Exercise prompt »
Keep the pictures out while you transcribe the listing below exactly.

Information provided »

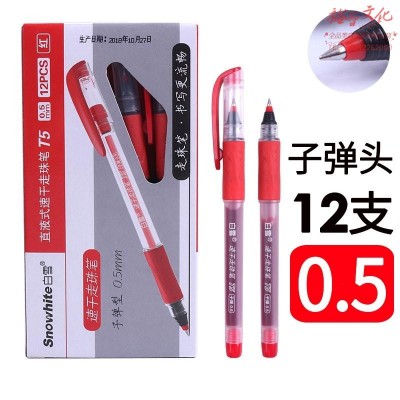 白雪 T5速干中性笔 红笔子弹型水笔红色0.5mm12支/盒 (SKU:yzwhyp921507
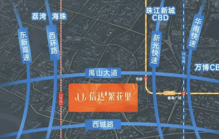 地铁 26 号线是广州第四期地铁规划中的南北向骨干线路,线路北起荔湾芳村,南至番禺榄核,贯穿荔湾、海珠、番禺三大区域,与地铁 3 号线基本平行,建成后将有效分流 3 号线的通勤压力,进一步提升广州南部的交通便捷性。根据目前公示的环评信息,地铁 26 号线有望在番禺禺山大道与西环路交界处、番禺广场、榄核等区域设站,其中禺山大道站临近信达繁华里等多个新建住宅项目,未来将为市桥板块的居民提供更便捷的地铁出行服务。
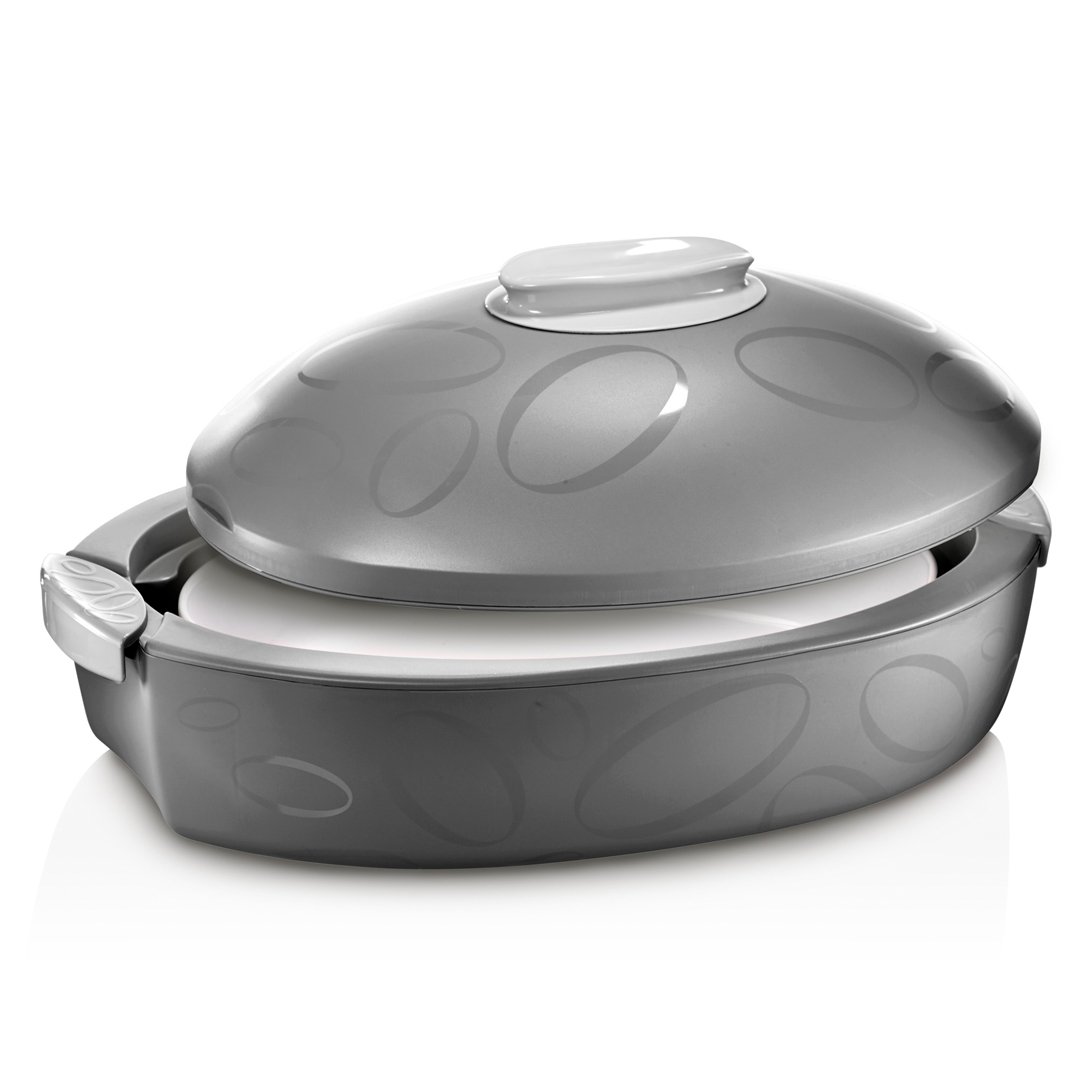 OVALNA TERMO POSODA S PEKAČEM ENJOY blagovne znamke EVVIVA je izdelana iz kvalitetne plastike z dvojno termo izolirano steno, ki zagotavlja, da ostane hrana v posodi topla ali hladna do 4 ure.
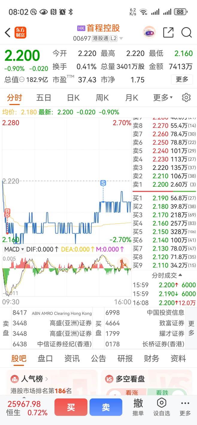 $首程控股(HK|00697)$ 今天只触发一笔成交,做T慢慢玩,不增加总体仓位,下跌就买,上涨就卖,除非主力给大阳线不卖,不然就不增加仓位,估计还要磨一段时间,估计月末了,天天自娱自乐,主力看到就抓紧拉吧,浪费大好行情,但我能等,坚定持有

Task solution »
 白雪 T5速干中性笔 红笔子弹型水笔红色0.5mm12支/盒 (SKU:yzwhyp921507
 地铁 26 号线是广州第四期地铁规划中的南北向骨干线路,线路北起荔湾芳村,南至番禺榄核,贯穿荔湾、海珠、番禺三大区域,与地铁 3 号线基本平行,建成后将有效分流 3 号线的通勤压力,进一步提升广州南部的交通便捷性。根据目前公示的环评信息,地铁 26 号线有望在番禺禺山大道与西环路交界处、番禺广场、榄核等区域设站,其中禺山大道站临近信达繁华里等多个新建住宅项目,未来将为市桥板块的居民提供更便捷的地铁出行服务。
 OVALNA TERMO POSODA S PEKAČEM ENJOY blagovne znamke EVVIVA je izdelana iz kvalitetne plastike z dvojno termo izolirano steno, ki zagotavlja, da ostane hrana v posodi topla ali hladna do 4 ure.
 $首程控股(HK|00697)$ 今天只触发一笔成交,做T慢慢玩,不增加总体仓位,下跌就买,上涨就卖,除非主力给大阳线不卖,不然就不增加仓位,估计还要磨一段时间,估计月末了,天天自娱自乐,主力看到就抓紧拉吧,浪费大好行情,但我能等,坚定持有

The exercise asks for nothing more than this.